A new report on the Gulf of Mexico after the oil spill suggests a bright future. By next year, it says, harvests of shrimp, crab, oysters and finfish should be almost back to normal.
Not so fast, say some members of the scientific community.
The report is based largely on old and inconclusive research, they say, and it was not reviewed by experts in the field and may paint an inaccurate picture.
“The concern is that a report that was written with haste and rather superficially pretends to have scientific basis,” said Frank Muller-Karger, a biological oceanographer at the University of South Florida. “And then it’s pushed on everyone and accepted as fact.”
The report is critical because it serves as a basis for how claims are paid to people who say their lives and jobs have been affected by the 87-day spill. The report was commissioned by Kenneth Feinberg, the administrator of BP’s $20 billion compensation fund, who in turn used it to create his own report.
Feinberg hired Wes Tunnell, a marine biologist at Texas A&M’s Harte Research Institute, to write the 39-page report over his holiday break. The report ultimately concludes that the four species of concern will be mostly back to normal by 2012.
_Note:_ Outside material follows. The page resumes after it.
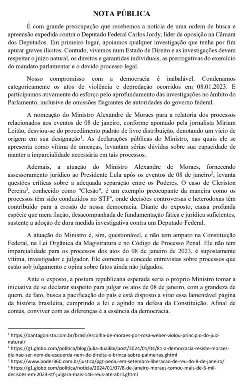 Parlamentares pedem que Alexandre de Moraes se declare suspeito e deixe a relatória dos inquéritos envolvendo o 8 de JaneiroSenadores da oposição publicaram, nesta sexta-feira 19, uma nota conjunta em defesa do deputado federal Carlos Jordy (PL), alvo da Operação Lesa Pátria, que investiga financiadores, incentivadores e executores dos atos antidemocráticos no País.
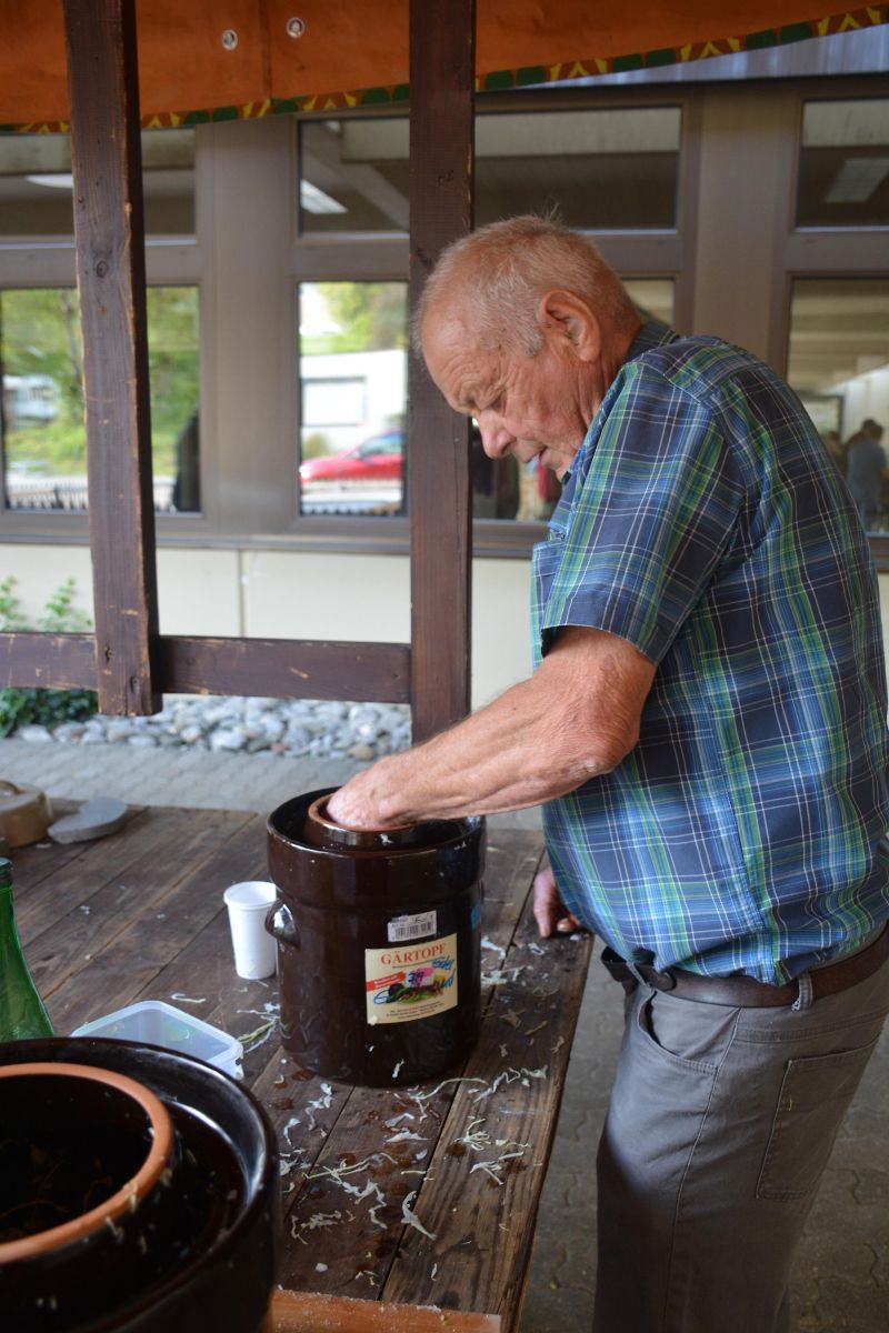 So auch in Sulz-Röthis, wo unter der Anleitung von Obmann Guntram Mündle und seinen Gartenfreunden so richtig gehobelt wurde. Mehr als 250 Kilogramm frisches biologisch angebautes Kraut wurde gehobelt und von den Besuchern und den Vereinsmitgliedern zu Sauerkraut eingestampft. Der Verein hatte zudem alle weiteren Zutaten besorgt, die Gäste mussten nur ihren Gärtopf mitbringen. Verwendet wurden die ganz klassischen Zutaten, diese bestehen aus Salz, Lorbeerblätter und Wacholderbeeren, wer mochte durfte einen Schluck Weißwein oder ein paar Apfelschnitze hinzugeben. "Wer andere Geschmäcker bevorzugt, soll diese beim Kochen beigeben", sagt Mündle, da sonst der ganze Gärtopf nach diesen Zutaten schmecken würde.

But scientists and others who have been watching Feinberg’s actions closely began questioning the integrity of the Jan. 31 report after it began circulating through e-mail and the Internet.
The report appears to draw conclusions based on old oil spill cases and environmental studies, some of which are 30 to 40 years old, and it was not peer-reviewed like most scientific publications.
In the report, Tunnell acknowledges its shortcomings and concludes that making an exact call on when any fishery group will recover “is impossible.”
Nonetheless, he predicts that Gulf of Mexico shrimp and blue crabs did not appear to be widely affected and should return to normal in a year or two. Oysters in most areas should be fine and ready to harvest by 2012 or 2013, the report says, though in areas that are heavily oiled it could take up to a decade. Finfish such as grouper and red snapper were not significantly affected, the report said.
All that may or may not be true, Muller-Karger said, but the report shouldn’t be passed off as a factual or sound scientific study.
Based largely on estimates in the report and from other sources, Feinberg’s staff created an initial formula for BP payouts.
Damages paid to most claimants will be double the losses from 2010, minus any emergency money already received. Critics say that formula doesn’t cover potential long-term impacts of the spill.
But Feinberg has to start somewhere, others say, and no scientist has the luxury of doing years of field studies to determine the spill’s true effects while BP is under pressure to pay.
Steve Murawski, a former NOAA Fisheries chief scientist who is now a research professor at USF, defended the report and Tunnell, saying, “He’s doing the best he can.”
“At some point, somebody’s got to make decisions here,” Murawski said. “I wouldn’t get too excited about this.”
The report also grabbed the attention of those in the travel and tourism industry, who are less affected by the health of gulf marine life and more by the public’s perception.
Keith Overton, the chief operating officer of TradeWinds Resort, said he thought the report overestimated the gulf’s ability to recover.
“I don’t think anyone thinks it’s going to happen in 2012,” Overton said. “The concern is, don’t shortchange the claims process when we don’t know what the long-term impacts are yet.”